Method 1 for slimming the lower abdomen: twist the trunk
1. Stand with your feet open, about 30 cm wide. Raise your arms, bend your elbows, make fists with your hands and gently press your ears.
2. Raise the left knee, twist the upper body, slowly move the left knee to the elbow of the right hand, and then return to the beginning. Repeat for 30 seconds on each side. Then repeat this action on the other side.
Method 2: Squat stretching.
1. Squat, legs apart, knees bent. When squatting, keep your knees above your toes and keep your upper body upright.
2. Raise your right arm and lean to the left as far as possible. Slowly lower your right arm. Then raise your left arm and repeat the same action. Repeat the left arm and right arm alternately for 60 seconds.
The third method of slimming the lower abdomen: supine abdomen.
1. Lie on your back and bend your knees. Put your feet flat on the ground, tighten your abdominal muscles, put your hands together, slowly lift your upper body, straighten your arms, and point your hands to the middle of your thighs.
2. Tilt to the left, then go back to the middle, then tilt to the right, and then go back to the middle. Repeat this action for 30 seconds. Take a break, and then repeat this action for 30 seconds.
Method 4 of thin abdomen: lying on your side and lifting your hips.
1. Lie on your side and support yourself with your left elbow. Lift your right arm, at the same time, lift your body upwards, lift and extend your right leg, bend your left knee and put it behind you.
2. Lower your hips and then raise them. Repeat the ascending and descending movements slowly, practice for 30 seconds on each side, and then on the right side.
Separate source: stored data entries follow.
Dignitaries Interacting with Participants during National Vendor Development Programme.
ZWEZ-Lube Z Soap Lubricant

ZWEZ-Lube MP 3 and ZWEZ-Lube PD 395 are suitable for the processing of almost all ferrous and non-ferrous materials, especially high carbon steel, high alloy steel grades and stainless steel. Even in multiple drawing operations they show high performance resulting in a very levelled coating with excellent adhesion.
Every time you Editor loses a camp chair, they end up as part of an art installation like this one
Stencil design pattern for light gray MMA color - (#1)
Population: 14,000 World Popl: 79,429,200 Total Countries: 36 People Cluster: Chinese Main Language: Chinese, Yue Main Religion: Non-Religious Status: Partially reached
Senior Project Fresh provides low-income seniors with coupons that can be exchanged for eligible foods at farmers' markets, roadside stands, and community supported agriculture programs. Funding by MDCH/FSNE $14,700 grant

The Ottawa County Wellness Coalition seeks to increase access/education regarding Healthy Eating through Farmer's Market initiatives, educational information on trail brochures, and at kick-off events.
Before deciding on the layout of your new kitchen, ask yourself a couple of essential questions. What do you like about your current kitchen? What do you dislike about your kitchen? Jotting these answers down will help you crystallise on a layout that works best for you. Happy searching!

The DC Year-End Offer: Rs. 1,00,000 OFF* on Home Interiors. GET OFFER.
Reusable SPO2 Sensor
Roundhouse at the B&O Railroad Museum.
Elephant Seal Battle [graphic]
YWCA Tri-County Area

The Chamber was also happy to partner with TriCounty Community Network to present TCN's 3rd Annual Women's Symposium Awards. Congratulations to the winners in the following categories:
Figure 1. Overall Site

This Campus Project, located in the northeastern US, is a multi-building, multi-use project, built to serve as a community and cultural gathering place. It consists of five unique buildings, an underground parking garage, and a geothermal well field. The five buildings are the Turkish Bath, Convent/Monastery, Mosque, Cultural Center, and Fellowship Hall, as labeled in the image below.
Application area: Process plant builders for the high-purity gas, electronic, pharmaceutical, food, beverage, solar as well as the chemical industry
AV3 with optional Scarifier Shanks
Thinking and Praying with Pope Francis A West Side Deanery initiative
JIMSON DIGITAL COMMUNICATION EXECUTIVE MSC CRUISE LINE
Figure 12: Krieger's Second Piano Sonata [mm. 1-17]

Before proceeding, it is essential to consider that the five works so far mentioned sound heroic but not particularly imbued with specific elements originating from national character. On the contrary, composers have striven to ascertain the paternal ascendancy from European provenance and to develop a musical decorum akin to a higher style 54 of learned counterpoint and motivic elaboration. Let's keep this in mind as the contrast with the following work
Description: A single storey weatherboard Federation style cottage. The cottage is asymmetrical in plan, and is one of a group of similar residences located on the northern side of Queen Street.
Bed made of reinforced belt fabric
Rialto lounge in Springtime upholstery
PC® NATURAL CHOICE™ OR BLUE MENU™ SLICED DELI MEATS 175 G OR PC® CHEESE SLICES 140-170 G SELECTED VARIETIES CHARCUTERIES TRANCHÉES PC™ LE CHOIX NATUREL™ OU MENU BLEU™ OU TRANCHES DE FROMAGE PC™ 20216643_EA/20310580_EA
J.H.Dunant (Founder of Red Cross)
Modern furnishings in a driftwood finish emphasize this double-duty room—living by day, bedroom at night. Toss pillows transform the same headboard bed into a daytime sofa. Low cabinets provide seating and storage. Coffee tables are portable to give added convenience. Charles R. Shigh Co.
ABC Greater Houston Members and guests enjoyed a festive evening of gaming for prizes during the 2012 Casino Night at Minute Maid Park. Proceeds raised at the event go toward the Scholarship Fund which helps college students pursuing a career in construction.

Method 5: Lie on your back and lift your legs.
1. Sit on the ground with your legs straight, elbows on the ground, and palms under your hips. Bend the right knee and lift it, while lifting the straight left leg.
2. Put your feet down at the same time, but don't stick to the ground, and then lift them to a certain position at the same time. Repeat lifting and lowering as much as possible within 30 seconds. Then bend your left knee, straighten your right leg and repeat the same action.
Thin belly Method 6: Treadmill.
1. Do push-ups, with your hands directly under your shoulders, your palms on the ground, your feet straight, and your toes on the ground, so that your body is in a bound state.
2. Bend your right leg, slowly lift it to the position of your chest, then straighten it and return to the push-up position. Then bend the left leg to the position of the chest, and then straighten back to the position of push-ups. Repeat the action for 60 seconds and practice slowly, lowering your hips and hips as much as possible.